In page 25, line 6, to delete “to ensure the attainment of” and substitute “having had regard to”.
I move amendment No. 15:
This is to make it clearer that information can be shared by Sport Ireland with persons, bodies or organisations listed in section 41(4). the original wording was not as clear as it only mentioned "persons".
In page 25, line 9, to delete “persons” and substitute “persons, bodies or organisations”.
I move amendment No. 16:
This is similar to amendment No. 15. This is to make it clear that the data to be shared by Sport Ireland and possessed by other bodies will only be shared with a list of persons and bodies set out in section 41(4) and can only be processed by then.
In page 25, lines 22 and 23, to delete “with such persons or bodies as it thinks fit” and substitute “with the persons, bodies or organisations referred to in section 41(4)”.
I move amendment No. 17:
This section defines the group of people who might be penalised under section 43(2) if they do not comply with the Irish anti-doping rules. This change in amendment No. 17 will mean that all national governing bodies are now included, both the ones that receive funding and the ones recognised by the State body but who do not receive funding.
In page 25, line 29, after “is” to insert “recognised by or”.
I move amendment No. 18:
Amendment No. 18 is to change the wording in section 43(1)(b) to include "athlete support personnel". The concept of athlete support personnel is set out clearly in the international anti-doping convention. It includes coaches, managers, medical support personnel and others. I am proposing this change so that the Bill will be consistent with the convention.

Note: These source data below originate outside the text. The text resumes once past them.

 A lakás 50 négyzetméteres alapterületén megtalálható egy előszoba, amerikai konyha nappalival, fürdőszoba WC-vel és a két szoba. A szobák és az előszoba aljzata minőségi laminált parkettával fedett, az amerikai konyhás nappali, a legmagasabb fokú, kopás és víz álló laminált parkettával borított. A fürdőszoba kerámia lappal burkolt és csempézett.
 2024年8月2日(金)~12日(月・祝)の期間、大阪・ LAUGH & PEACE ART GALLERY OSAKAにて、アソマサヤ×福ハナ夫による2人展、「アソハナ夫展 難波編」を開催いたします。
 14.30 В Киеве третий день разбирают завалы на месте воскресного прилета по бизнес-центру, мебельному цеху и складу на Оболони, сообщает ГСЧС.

In page 25, to delete lines 31 and 32 and substitute the following:“(b) represents the State, whether—(i) in a competitive capacity, or
(ii) in the capacity of athlete support personnel (within the meaning of the Convention referred to in section 40(b)),”.
I move amendment No. 19:
There was some concern that the original wording of this section could have been taken to mean that this would impose a lifetime ban. The Irish doping rules provide for a range of penalties up to and including a lifetime ban depending on the particular violation. The proposed amendment allows Sport Ireland to apply a ban for a period up to and including a lifetime ban in line with the periods set out in the rules.
In page 25, line 34, after “eligible” to insert “, subject to those Rules”.
I move amendment No. 20:
Amendment No. 20 is to make clear that all of the functions in section 7 which relates to anti-doping are included in the paragraph which sets out the role for the anti-doping board sub-committee of Sport Ireland.

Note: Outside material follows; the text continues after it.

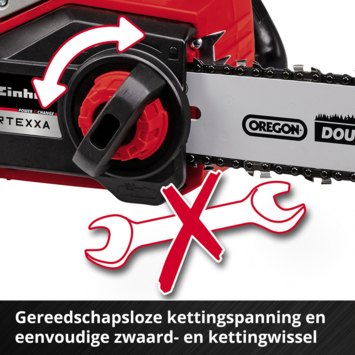 La tronçonneuse sans fil FORTEXXA 18/30 Einhell est un outil puissant de la gamme flexible Power X-Change. Avec son moteur sans charbon Einhell plus durable et plus puissant qu’un moteur à charbon classique, le modèle FORTEXXA est l'outil idéal quand il s’agit de couper les branches épaisses d’arbres fruitiers et les rameaux denses de feuillus et de conifères. Avec sa chaîne et son guide-chaîne de qualité OREGON, même les branches les plus épaisses n’opposent aucune résistance à la tronçonneuse FORTEXXA. Les modèles de tronçonneuses sans fil sont également très performants pour couper les bois de construction, bois équarris et bois de chauffage. L’ajustement de la tension de la chaîne et son changement s’effectuent simplement et sans outil, facilitant ainsi la manipulation de l’outil. L’attrape-chaîne et la protection anti-rebond avec frein d’arrêt immédiat permettent une utilisation en toute sécurité, la grande ouverture de remplissage de l’huile et la lubrification automatique facilitant quant à elles l’entretien. La butée dentée en métal est robuste, et la poignée ergonomique à surface Softgrip assure une prise en main ferme et sûre. L’outil fonctionne avec une batterie 18 V Power X-Change. La gamme innovante Power X-Change Einhell se démarque par sa puissance élevée et sa flexibilité maximale. Parmi tous les appareils de cette gamme Einhell, les batteries lithium-ion sont interchangeables à l’infini. Chaque batterie Power X-Change peut être utilisée avec tous les appareils de cette même gamme. La vitesse de la chaîne s’adapte en fonction de l’utilisation : on peut ainsi passer du mode pleine puissance (8 m/s) au mode ECO (6 m/s). La vitesse réduite de la chaîne en mode ECO augmente la durée d'utilisation de la batterie. L'outil est vendu sans batterie ni chargeur, ces accessoires étant disponibles séparément en plusieurs puissances, notamment dans le Starter Kit, très pratique.
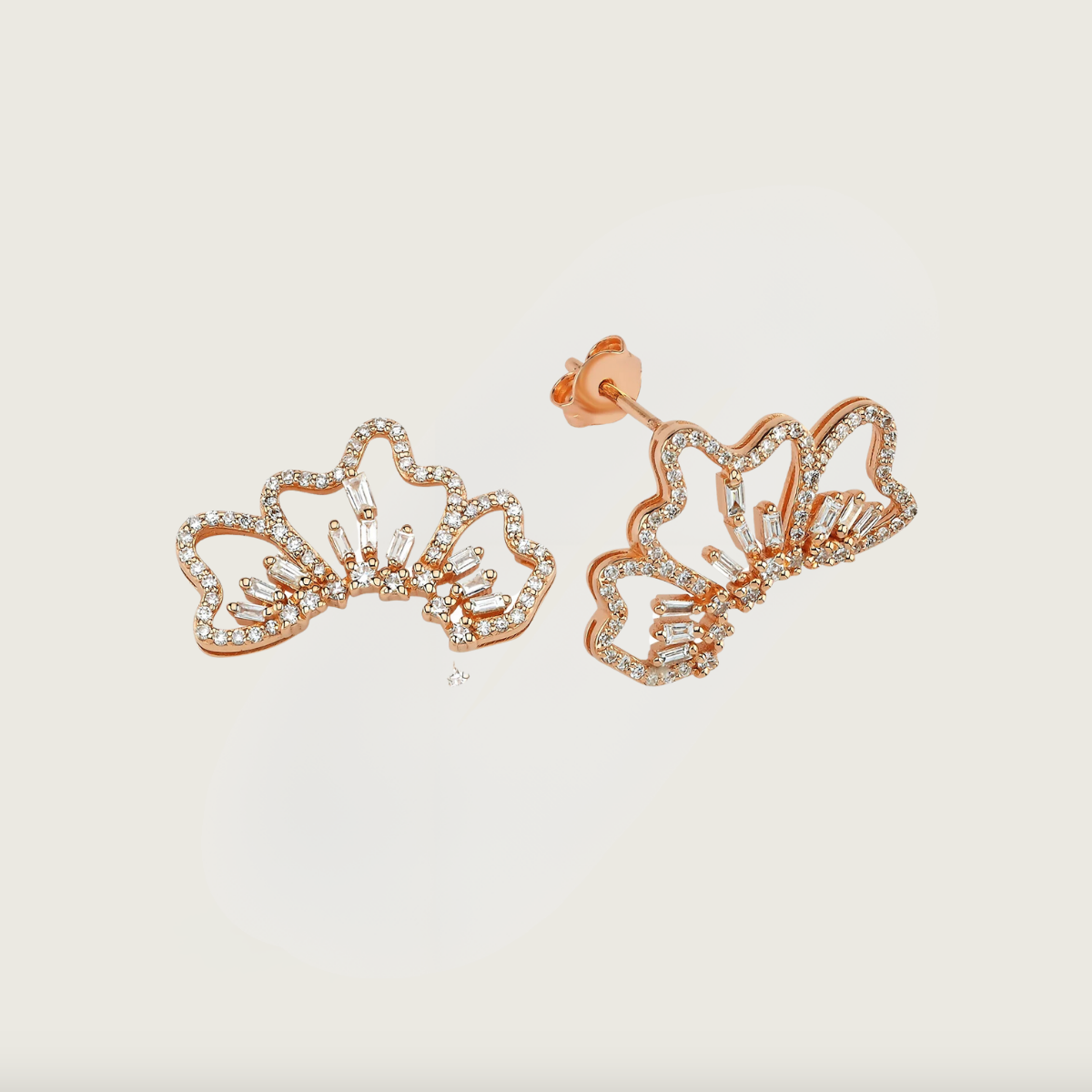 Görkemli bir tacın zarafetini kulaklarınızda taşıyın. 14 ayar pembe altından üretilmiş ve pırlantalarla süslenmiş küpe, kraliyet şıklığını yansıtan benzersiz bir tasarıma sahiptir. Taç şeklindeki detaylar, zarif çizgilerle birleşerek her hareketinizde ışığı yakalayacak bir ışıltı sunar. Özel günlerde ya da günlük şıklığınızda kullanabileceğiniz bu pırlanta küpe, stilinize asalet ve sofistike bir dokunuş katacak.

In page 30, lines 1 and 2, to delete “the performance of its function under section 7(1)(e),” and substitute “the performance of its functions under section 7(1)(d) to (g),”.
I move amendment No. 21:
The wording is being changed to make it clear that the chairperson of Sport Ireland will be consulted before the Minister appoints the chairs of sub-committees.

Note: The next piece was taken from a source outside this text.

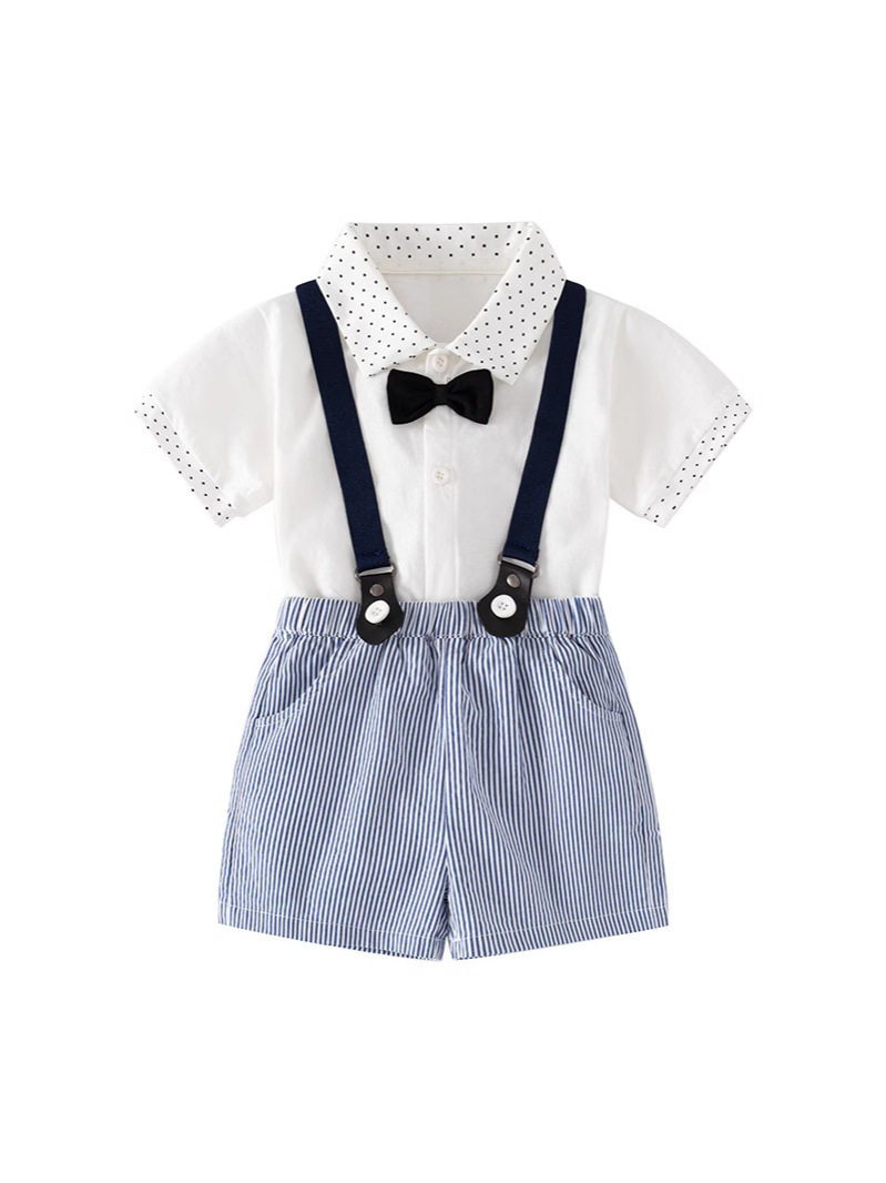 Short-sleeved suit [white blue gentleman strap suit]]
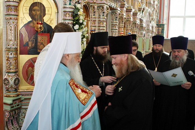 Святейший Патриарх, по моему представлению, удостоил жертвователей этого храма первосвятительскими наградами. Я со своей стороны, тоже хотел бы отметить архиерейскими наградами многих и многих. Но сегодня была долгая служба, я не хочу утомлять всех, чтобы в течение долгого времени мы проводили награждение каждого в отдельности. Сегодня будет праздничный прием, и на нем я вручу свои награды. Но награды Первосвятителя, Святейшего Патриарха Кирилла, я считаю своим долгом передать в данный момент и прошу отца Александра Ганабу, нашего епархиального секретаря, огласить имена награждаемых.

In page 30, line 17, after “Minister” to insert “, having consulted with the chairperson of Sport Ireland,”.
I move amendment No. 22:
This amendment reflects the role of Sport Ireland and the development of sports in the State. The insertion of the word "development" in the Long Title shows the role for Sport Ireland in the improvement and growth of sport as well as its role in the ongoing operations and management of the sports sector.
In page 5, line 5, after “administration” to insert “and development”.
I will also be tabling some amendments on Report Stage. There are a few technical amendments required to correct cross-references in the Bill and there are some other matters that are still under consideration with the Attorney General. If necessary, I will table amendments on these areas on Report Stage.